Bevin, who won about 44 percent of the 1,469 votes cast in Hardin County in the primary, kept his meetings with lawmakers as part of his effort to unify the GOP as the party’s unofficial nominee against Democratic Attorney General Jack Conway and to set a clear policy vision if his gubernatorial bid is successful, Hartman said.
“We’ve been meeting with a lot of them over the last couple days and we continue to do that,” Hartman said in a phone interview with Pure Politics. “Throughout this campaign up to this point and going forward, Matt’s proposed a very specific policy proposal. We’re going to campaign on those, but if Matt’s elected governor he wants to see them enacted into law.”
Hartman said Bevin’s conversations with state lawmakers have been “very positive,” though he said prudency will limit public pledges of support given Comer’s recanvass request.
“A number of legislators have reached out just in general terms to be supportive of the ticket and express their desire to work towards not only victory in November, but toward being an administration that can govern the way we want to govern if elected,” Hartman said.
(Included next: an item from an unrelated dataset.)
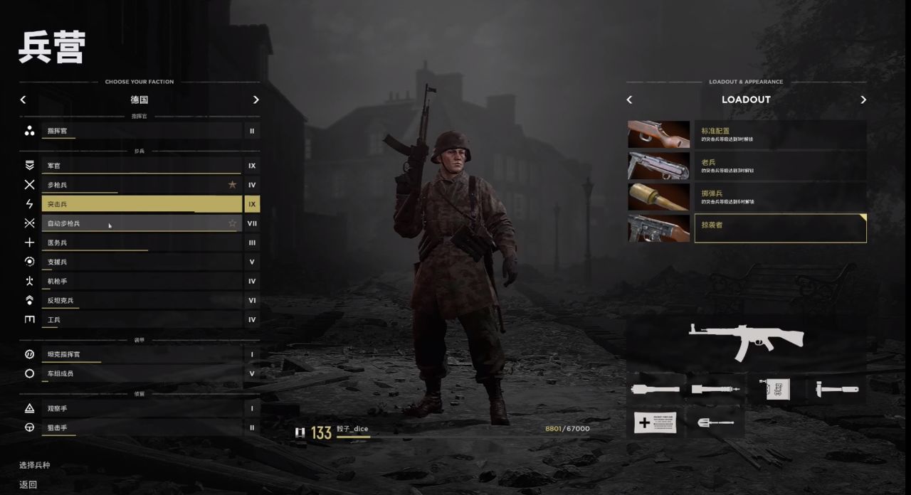 近戰絞肉機,攜帶短槍上陣,裝配擲彈兵時可以使用多顆手雷和煙霧彈,突進能力較強。平地衝鋒時推薦先投擲煙霧彈阻礙敵軍視線,靠近後向掩體後丟出手雷。九級突擊兵也可以攜帶3kg,炸燬敵軍坦克或清空樓房。

Comer will not have long to ponder the results of Thursday’s recanvass as candidates must request recounts by Friday, 10 days after the primary. Such a request to Franklin Circuit Court, whose decision could be appealed to the Kentucky Court of Appeals, would further delay the official GOP nomination.
State Reps. Russell Webber and Jim DuPlessis, Comer campaign supporters who attended the Hardin County Rotary Club meeting, say they believe Republicans can unite behind Bevin if his victory is confirmed Thursday.
And even if Comer decides to request a recount after this week’s recanvass, Webber and DuPlessis say they don’t believe that will give Conway much of an edge heading into the Nov. 3 election.
“As long as this primary process drags on for the Republican Party, an uncertainty would remain over a nominee,” said Webber, R-Shepherdsville. “That certainly gives the attorney general a bit of an advantage heading into the general election, but I think we have folks on all sides of the Republican primary candidates ready to come together, so I think you’ll see the state Republican Party consolidating quickly behind the nominee and moving forward.”
DuPlessis, who said he would not fault Comer for requesting a recount given the amount of money and effort invested in the agriculture commissioner’s campaign, saw one positive to challenging the primary results in court: media exposure.
“It keeps the Republican guys in the news; it keeps their names out there,” said DuPlessis, R-Elizabethtown. “Mr. Conway is sitting back and he’s maybe enjoying the squabble, but you know the old adage, sometimes bad news in the public’s eye because it keeps you out.”
Despite the Bevin campaign’s explanation of a scheduling conflict, the Democratic Governors Association took Bevin’s absence Tuesday as evidence of a disjointed GOP.
“Today’s bizarre turn of events shows that Matt Bevin will struggle to unite the Republican Party in Kentucky,” DGA spokesman Jared Leopold said in a statement. “It’s becoming clear to Kentucky voters that these claims of party unity are yet another work of fiction by Matt Bevin.”